Lynch’s bad guys are gruesomely despicably irredeemably evil.  They’re on screen for just a short time, but we get the point– with loads of maniacal laughter.  Anyone that makes their slaves wear reversed mohawks is bad enough, but check it out: a cackling floating fat man, an insatiable bug eating binge eater, and Sting playing Feyd Rautha… stepping out of a weird industrial sauna in a metal thong…?  Rrruh?!  But… they’re so evil!  You may not understand anything that’s going on, but you know these guys are… evil!

Sting rocks, by the way.  He has maybe two lines in the whole film, but his smirking and glaring are perfect.  Compare him to the sci-fi channel’s version… sitting around in a dainty happy colored future-suit… grinning… with a geometric figure floating over his head… and a crowd of bored admirers.  Bah!  I’ll take metal thongs and weird saunas over that garbage any day!  Metal thongs are obviously 10 times as evil as floating geometric figures. 

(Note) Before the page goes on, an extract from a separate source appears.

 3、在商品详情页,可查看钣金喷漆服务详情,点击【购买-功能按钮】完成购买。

Whatever might be wrong with Lynch’s film, it is in any case populated with a fine group of actors.  They fit their parts perfectly and carry themselves well.  (Except for when it’s an actress with 80’s rock star hair flowing around them as they artfully skip through the desert.)  And the costumes change dramatically depending on the character types and their homeworlds.  It’s a visual feast that doesn’t quit.  Sure, he compresses two thirds of the book into about twenty minutes– making the Fremen sietch into practically bit parts– but it’s still an awesome film.  Any film that has such powerful guitar riffs filling in during every pivotal scene can’t be all that bad.  I mean really, there’s no incomprehensible moment in film that cannot be improved by triumpant Toto guitar chords thrashing out in an unrelenting march in the background.

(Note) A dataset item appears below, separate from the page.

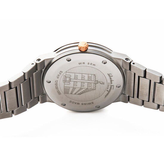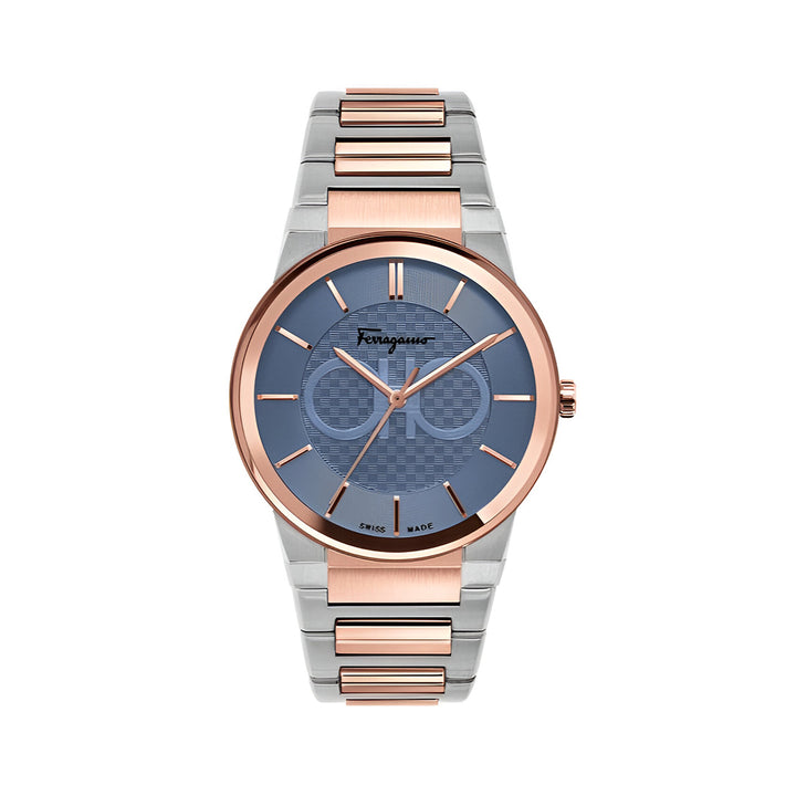 Ferragamo's new modern watch collection carries an innovative feature: the sapphire glass covers the whole dial and the top ring creating a stunning unique layer. The Ferragamo brand is underlined by the Double Gancini logo on the dial while the bracelet lends a sporty-yet-classy look.Ferragamo Sapphire watch stands out for its new aesthetics, contemporary, trendy, innovative design. It features a sapphire glass that covers the whole dial and the top ring alike, creating the extraordinary effect of a unique layer. The jeans checked patterned 41 mm dial with Double Gancini logo and bicolor bracelet, butterfly buckle with Double Gancini logo completes the look. The Swiss Made watch comes with three hands and quartz movement.

1984.  Dune.  David Lynch.

Put your hand in the box.  Pull out the DVD.  Watch.

I will not fear bizarre Lynchisms.  Fear is the mindkiller.  I will face my fear of the sci-fi channel… and let it pass over me.  And when it is gone, only Dune will remain.

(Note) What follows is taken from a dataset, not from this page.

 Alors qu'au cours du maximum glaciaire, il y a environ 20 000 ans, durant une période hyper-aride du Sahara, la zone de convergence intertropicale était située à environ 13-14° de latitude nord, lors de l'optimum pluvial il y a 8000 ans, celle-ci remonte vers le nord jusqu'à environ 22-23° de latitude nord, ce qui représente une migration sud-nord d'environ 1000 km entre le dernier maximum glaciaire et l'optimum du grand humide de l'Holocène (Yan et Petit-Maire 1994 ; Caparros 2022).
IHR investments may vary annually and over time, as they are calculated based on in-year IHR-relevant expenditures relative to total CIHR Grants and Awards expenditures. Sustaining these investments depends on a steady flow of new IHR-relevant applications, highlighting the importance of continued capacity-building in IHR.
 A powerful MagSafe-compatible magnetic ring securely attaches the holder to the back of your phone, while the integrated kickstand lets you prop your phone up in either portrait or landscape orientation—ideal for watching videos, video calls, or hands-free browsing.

Best “Car Wars” Movie of 2005

Without a doubt, “The Island” is the best Car Wars movie of 2005.  It’s got it all: futuristic 18-wheelers, jet-bikes, killer dropped-weapons, and clones….  Lots and lots of clones.

If you ever wondered how Gold Cross would really work, this movie shows us.  There are a couple of key differences between Car Wars continuity and the movie, but there’s no reason that the movie couldn’t describe how things really work in the Autoduel America’s 2040s.

The movie combines themes from Bladerunner and The Matrix, and hits hard on the ethical issues in a much more moving and effective way than movies like Alien: Resurection did.  The action is relentless and the suspense never lets up– this makes the movie emotionally exhausting the way that The Matrix:Reloaded’s endless chase scene was.  It probably would have been a better movie if it had given us a break to assimilate everything that had happened.

The sets and visuals are incredible.  There’s just so much space and scope to everything.  (We’ve come a long way from Star Trek’s matte paintings and styrofoam….)

I hadn’t heard a lot of good about this movie, so I wasn’t expecting much.  I didn’t think “Obiwan Kenobi” could pull off the leading man bit.  (The wart on his forehead is distracting and he’s nowhere near as cool as Sean Connery or Harrison Ford.)  But he did pull it off….  Ewan McGregor was a very believable actor and drew me into the character.  I guess now we won’t have to fault him too much for working with Lucas on the prequels….

It’s really not a bad movie, on the whole.  It’s little derivative, but “Matrix Runner: The Resurection” turns out to be entertaining anyway.  The first thirty minutes alone are worth the price of admission.  No other movie has illustrated so graphically the ethical difficulties that would result if the technology of cloning became possible.  John Nowak addressed some of it in his short stories for Autoduel Quarterly, but this movie goes even further than I imagined it could go.  That to me is the mark of great science fiction: when authors give us a glimpse of the future beyond what we already think we know.